This is how the Mediterranean diet can boost your life expectancy

Written by By Allison Chapman, CNN No matter the size of your city, it’s hard to avoid reaching for a fast food outlet. But if you’re looking to find some real nourishment, head back to …

Written by By Allison Chapman, CNN

No matter the size of your city, it’s hard to avoid reaching for a fast food outlet.

But if you’re looking to find some real nourishment, head back to the Mediterranean, Morocco, or parts of Eastern Europe. High in the carotenoids anthocyanins and polyphenols, these particular regions may be the only places on Earth where your food doesn’t come loaded with salt, preservatives and packaged extras. That’s thanks to a diet specifically designed to boost longevity.

On Thursday, the New York Times released the result of a recent seven-year study into the Mediterranean diet and its effects on health. Though some of the diets studied were above and beyond the Mediterranean’s recommendation — including that of Mexico — all of them provided identical benefits.

These “blue zones” may not exist

Which brings us to those published results and some findings we did find intriguing.

For one, low-fat diets like the Mediterranean have had some detractors over the years. While this is probably due to the fact that Americans equate a low-fat diet with fat, the authors of the study debunked that notion completely.

“Contrary to popular belief, the Mediterranean diet does not promote an unhealthy over-consumption of saturated fat,” they wrote. “Even though the study population were classified as non-obese and not overweight, we found no notable difference in fat intake.”

Not only that, but the researchers said low-fat diets that allow for plenty of fresh fruit and vegetables may also be a better match for living a long life than diet recommendations that call for restricting fats or restricting sugar.

However, the authors stated that Mediterranean diet recommendations for diabetics or those taking folic acid supplements may cause increased risk of heart disease.
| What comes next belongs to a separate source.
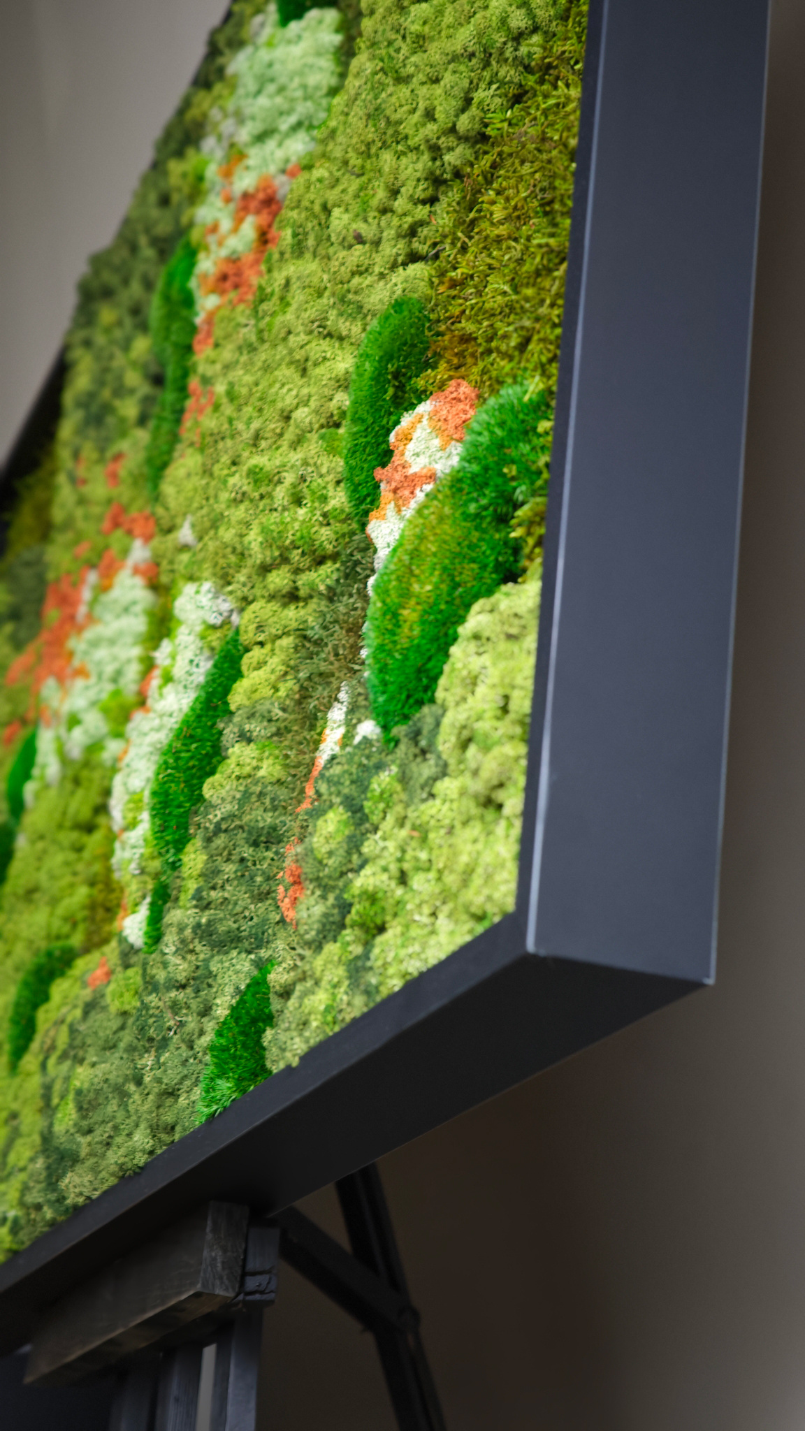 Onze mosschilderijen zorgen voor een unieke groene sfeer, wat uitermate geschikt is om toe te passen in (leef)keukens/ontvangstruimtes/kantoorruimtes/verblijfsruimtes of boven de bank bij u thuis.

This was because these people could experience an increase in levels of folic acid that are not exactly the right kind, the researchers said.

In sum, they concluded, “The Mediterranean diet contains a balanced and balanced mixture of the healthy and unhealthy foods, and provides beneficial nutrients to human beings in all types of cultures.”

Cut the carbohydrates, eat like the natural world

Another result of the study: The Mediterranean diet was also found to increase both production of oxygen and production of nitric oxide — a factor that influences cardiovascular health.

The nutrients that are critical for building a heart will only be possible with a balanced amount of carbohydrates, the study found.

Carbohydrates that contribute to total energy supply are important. However, the European Food Safety Authority is clear that all carbohydrates, including high-quality non-starchy foods, can contribute to blood glucose levels. (While most adults should have less than 30 grams of this kind of carbohydrate per day, children have a lower ceiling at 20 grams per day).

For some, the authors write, who tend to be less sensitive to high blood sugar levels, the emphasis on legumes (beans, lentils, chickpeas, corn, potatoes and rice) may be important for maintaining a healthy body. Many studies have shown a relationship between beneficial properties and polyphenols. That said, the authors admit, “it is uncertain how much polyphenols in legumes influence cardiovascular disease, specifically.”

The Mediterranean diet may also improve patients’ blood pressure and cardiovascular risk factors.

Exercise and get active: That’s one step to improving your diet.

And, the authors note, maintaining a balanced diet is important. “All too often, people are ‘sweating out’ fat and may overlook its protective properties, even though eating a balanced diet provides a diet that will minimize any harmful effects of excess trans fat and include the nutrients that matter to most people,” they wrote.